● **Task to carry out**
Only the lines from the first line of the entries through the line with "When I first" belong in the answer, each restated word for word and without pictures.
Segment Start: Task material
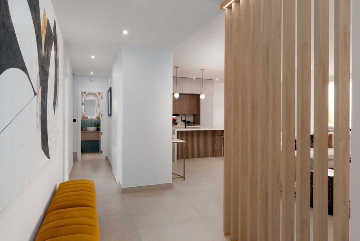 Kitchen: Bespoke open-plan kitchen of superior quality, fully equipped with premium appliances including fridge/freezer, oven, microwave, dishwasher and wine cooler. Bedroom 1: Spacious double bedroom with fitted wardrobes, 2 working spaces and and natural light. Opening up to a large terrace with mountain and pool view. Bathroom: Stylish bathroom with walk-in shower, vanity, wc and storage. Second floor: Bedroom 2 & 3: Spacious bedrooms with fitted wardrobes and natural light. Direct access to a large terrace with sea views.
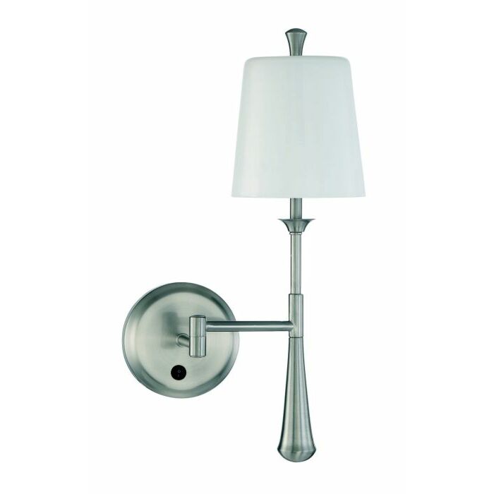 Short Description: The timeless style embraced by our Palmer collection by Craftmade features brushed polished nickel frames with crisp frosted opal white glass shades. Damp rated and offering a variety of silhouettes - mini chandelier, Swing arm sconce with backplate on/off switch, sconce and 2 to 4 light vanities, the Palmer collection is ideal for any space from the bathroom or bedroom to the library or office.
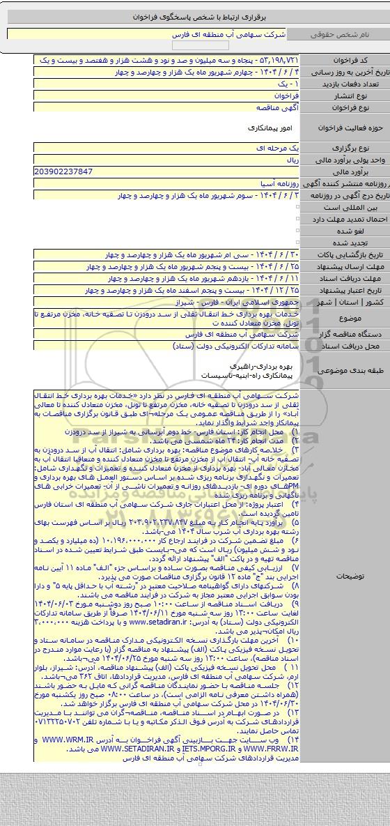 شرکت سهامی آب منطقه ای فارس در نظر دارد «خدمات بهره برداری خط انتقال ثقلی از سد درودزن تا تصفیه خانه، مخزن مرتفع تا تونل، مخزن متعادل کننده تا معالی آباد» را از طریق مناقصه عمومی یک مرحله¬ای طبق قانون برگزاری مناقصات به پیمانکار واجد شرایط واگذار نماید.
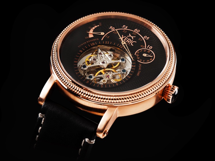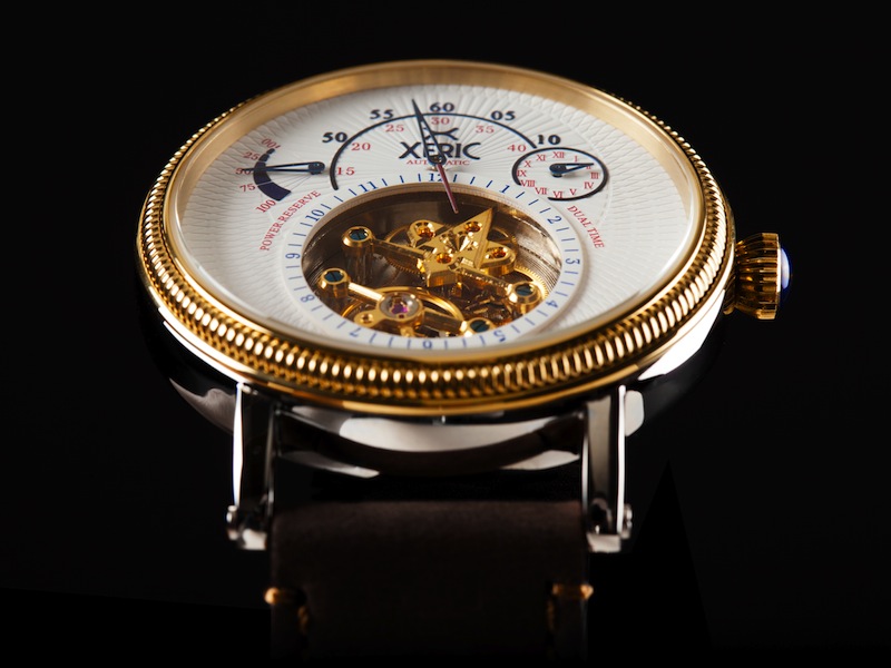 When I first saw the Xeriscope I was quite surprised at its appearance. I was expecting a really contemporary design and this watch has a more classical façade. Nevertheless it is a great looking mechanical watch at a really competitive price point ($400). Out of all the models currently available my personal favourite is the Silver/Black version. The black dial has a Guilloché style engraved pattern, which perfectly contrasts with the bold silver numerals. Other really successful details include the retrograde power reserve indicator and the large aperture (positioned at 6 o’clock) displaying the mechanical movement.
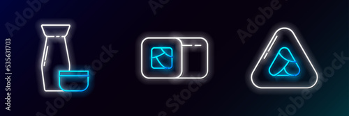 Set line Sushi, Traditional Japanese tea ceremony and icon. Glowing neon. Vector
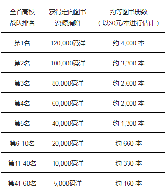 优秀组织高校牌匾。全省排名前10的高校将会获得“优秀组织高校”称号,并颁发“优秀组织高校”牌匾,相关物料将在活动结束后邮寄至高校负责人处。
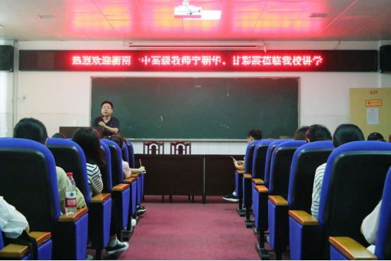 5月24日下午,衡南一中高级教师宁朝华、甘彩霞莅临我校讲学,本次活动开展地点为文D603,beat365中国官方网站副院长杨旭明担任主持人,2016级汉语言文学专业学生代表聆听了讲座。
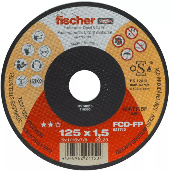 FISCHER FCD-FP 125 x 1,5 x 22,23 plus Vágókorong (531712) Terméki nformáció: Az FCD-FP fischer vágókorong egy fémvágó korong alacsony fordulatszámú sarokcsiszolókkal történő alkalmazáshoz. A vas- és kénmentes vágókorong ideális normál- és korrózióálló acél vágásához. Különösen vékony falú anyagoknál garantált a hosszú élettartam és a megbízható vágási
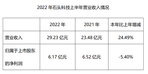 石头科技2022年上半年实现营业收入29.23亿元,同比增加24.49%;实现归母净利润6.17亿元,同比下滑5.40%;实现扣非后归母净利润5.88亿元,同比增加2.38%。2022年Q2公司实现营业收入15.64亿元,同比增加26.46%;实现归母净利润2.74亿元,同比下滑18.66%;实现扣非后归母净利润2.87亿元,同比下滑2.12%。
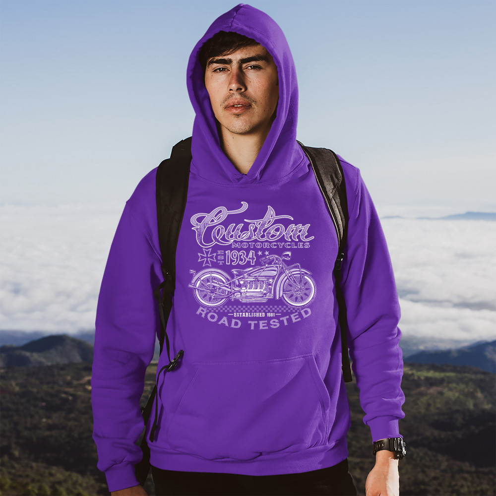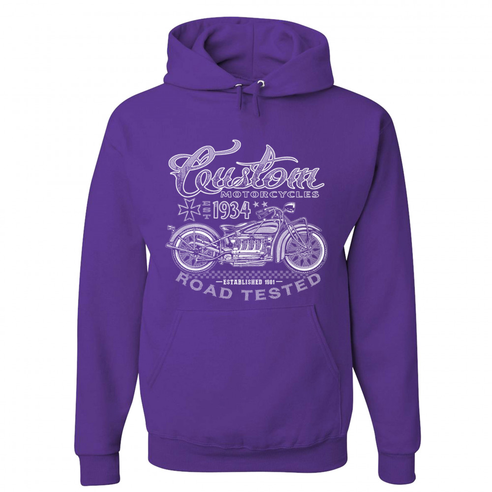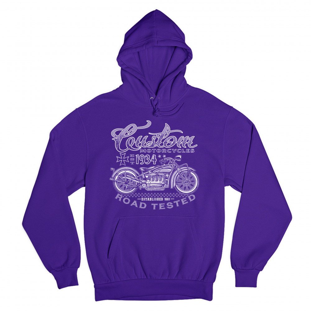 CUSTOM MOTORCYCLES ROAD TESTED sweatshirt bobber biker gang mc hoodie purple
Segment End: Task material
● **Written answer**
 Kitchen: Bespoke open-plan kitchen of superior quality, fully equipped with premium appliances including fridge/freezer, oven, microwave, dishwasher and wine cooler. Bedroom 1: Spacious double bedroom with fitted wardrobes, 2 working spaces and and natural light. Opening up to a large terrace with mountain and pool view. Bathroom: Stylish bathroom with walk-in shower, vanity, wc and storage. Second floor: Bedroom 2 & 3: Spacious bedrooms with fitted wardrobes and natural light. Direct access to a large terrace with sea views.
 Short Description: The timeless style embraced by our Palmer collection by Craftmade features brushed polished nickel frames with crisp frosted opal white glass shades. Damp rated and offering a variety of silhouettes - mini chandelier, Swing arm sconce with backplate on/off switch, sconce and 2 to 4 light vanities, the Palmer collection is ideal for any space from the bathroom or bedroom to the library or office.
 شرکت سهامی آب منطقه ای فارس در نظر دارد «خدمات بهره برداری خط انتقال ثقلی از سد درودزن تا تصفیه خانه، مخزن مرتفع تا تونل، مخزن متعادل کننده تا معالی آباد» را از طریق مناقصه عمومی یک مرحله¬ای طبق قانون برگزاری مناقصات به پیمانکار واجد شرایط واگذار نماید.
 When I first saw the Xeriscope I was quite surprised at its appearance. I was expecting a really contemporary design and this watch has a more classical façade. Nevertheless it is a great looking mechanical watch at a really competitive price point ($400). Out of all the models currently available my personal favourite is the Silver/Black version. The black dial has a Guilloché style engraved pattern, which perfectly contrasts with the bold silver numerals. Other really successful details include the retrograde power reserve indicator and the large aperture (positioned at 6 o’clock) displaying the mechanical movement.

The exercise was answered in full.